I have had an IPSec VPN running reliably between a Vigor 2860 and a Vigor 2865 for some time. The 2860 dials out, and the 2865 is configured for dial in. However, slight complication, the remote Vigor 2860 has two WAN connections: a very slow VDSL line, and a faster but unreliable LTE connection. So, I disabled the 'old'  VPN connection, and setup two new LAN-2-LAN profiles with GRE / IPSec, setup in load balance mode, as per this guide:  https://www.draytek.com/support/knowledge-base/4919 . 

The idea is that the Vigor 2860 will dial two VPN connections, 1 through VDSL and the other through LTE which will both connect to the 2865 through a single WAN connection. I can then setup routing policy rules to send some traffic via VDSL and some via LTE at the remote site. This did work when initially setup, however after running fine for a bit, these VPN's seem to get into the following state:

- ONE of the two VPN connections comes up successfully. BUT, it drops & re-connects every 20-60 ish seconds. 
- The other one of the two connections refuses to come online. 

In this state, the Web Syslog shows the following messages on the Dial-Out end (Vigor 2860):


And on the Dial-In end (Vigor 2865):

I know the timestamps don't quite match there, this is just because the web syslog on the Dial-In router had overwritten the entries by the time I copied the logs. 

I have had success rebooting one or both ends of the tunnel, which sorts the problem out for a time, but then the same thing occurs. 

Apologies if that is not quite clear, can provide any more details if required. Would really appreciate any suggestions. 

Should also mention: If I disable the trunk and 2nd VPN tunnel on the Dial-Out router, the remaining tunnel is stable, rather than dropping frequently.

Hi m_d ,

I have walked exactly the line you have just described, and encountered identical results, to the point where I too reverted back to a single connection, albeit with a trunked failover setting, for redundancy.

Maybe I should give this another go, which for me, was the goal of getting more bandwidth between two sites.

Eventually, I did need to route my traffic as you did, with one DrayTek router having only one WAN connection and the other having two WAN connections. But instead of "bonding" them together, I simply created two separate Lan-2-Lan profiles at both sites and an additional VLAN subnet at the remote site which I used as my "joining" LAN for my second L2L profile, I was then able to route that traffic to whichever WAN I required at the remote site. 

So you can use two VPN (WAN) connections but keep them separated from end-point to end-point.

Good to know it's not only me with this issue... Perhaps we should notify Draytek somehow? Is there a way of doing this without opening a whole support case?

I did wonder about creating 2 completely separate VPN profiles to different networks on each side, but have not had time to try it.

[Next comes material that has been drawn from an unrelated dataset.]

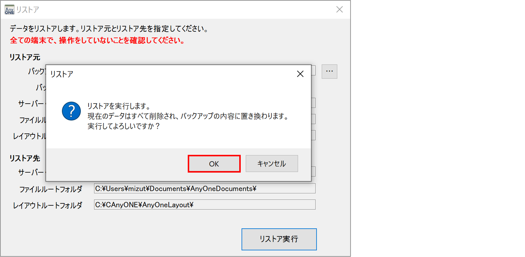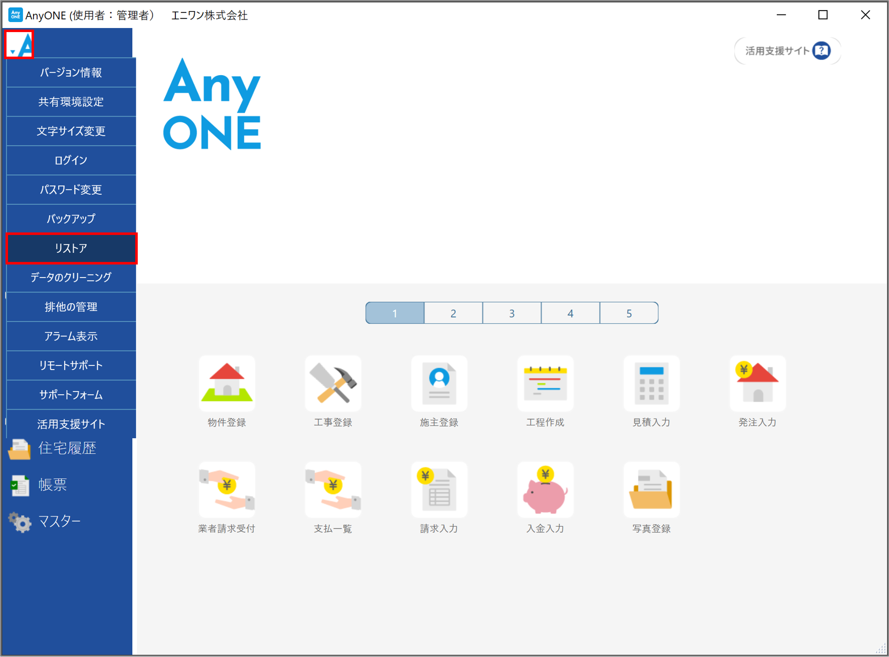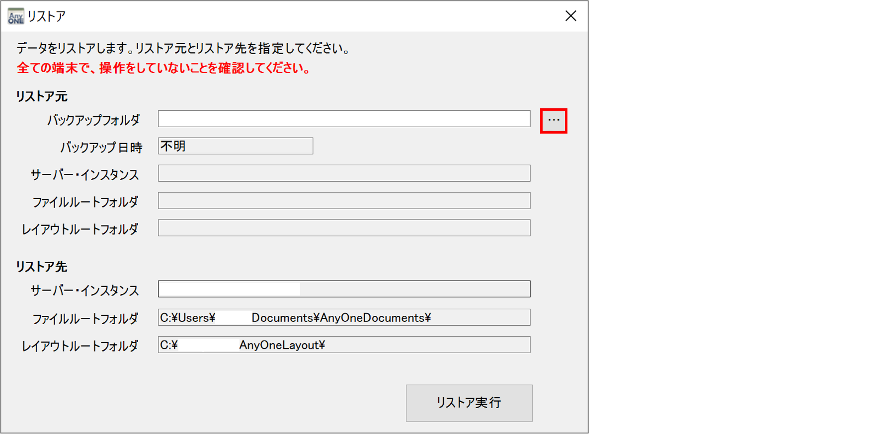 バックアップしたデータを取り込むには「リストア」(データの復元)をおこないます。リストアはバックアップしたときの状態に戻す作業です。1ヶ月前にバックアップしたデータをリストアすると、AnyONEのデータが1ヶ月前の状態に戻ります。こちらでは、事前にバックアップしたデータをリストアする方法についてご説明します。バックアップの方法は別途マニュアルをご覧ください。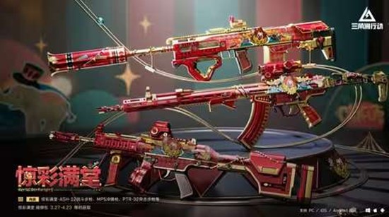 赤红之息,惊彩现世。腾讯旗下战术射击游戏《三角洲行动》全新「惊彩满堂」系列外观今日正式公布实录视频,以极致华丽的美学风格为硬核战场注入别样风采。该系列将于3月27日(明日)至4月23日期间限时上架,为特战干员们提供兼具视觉张力与收藏价值的全新装备选择。

Did you use a standard L2L profile for your two separate tunnels, or did you keep the GRE over IPSec settings in place? I do have multiple subnets / VLANs on both sides, so are you saying that as long as each tunnel goes between different networks, I can still route traffic through whichever VPN I want? Are you using the 'More remote subnet' option at all?

I think I have some experimenting to do!

 

Did you use a standard L2L profile for your two separate tunnels,

Yes.

or did you keep the GRE over IPSec settings in place?

No, didn't need to.


I just setup another IPsec XAuth standard L2L profile.

In the 'TCP/IP Network Settings' section I set the 'Local Network IP' to a different VLAN subnet (which happened to be the one hosting the devices I wanted to route, but it doesn't have to be for them to be routed through it) from the main LAN (which I used in the first L2L VPN Profile already established).
In the 'Remote Network IP' I entered the new VLAN subnet created at the remote site. In this instance I didn't need to created additional 'More remote subnets', as this would only be necessary if I wanted to access more/additional VLAN subnets at the remote site (or further on - if connecting to that remote router established a route to more VPN connections of other external sites and therefore their subnets).

To limit the size of the newly created VLAN subnet at the remote site, as it was purely for routing traffic out to the WAN connection(s), I made the subnet /30, but it can be any size you want.

At the remote site I created a matching L2L VPN profile but with the relevant Local/Remote IP settings.


...and then of course, I created route policies for the traffic I wanted to route via the new VPN path, at both ends; at the local end to force route through this VPN profile index number and at the remote end to force route through that WAN connection!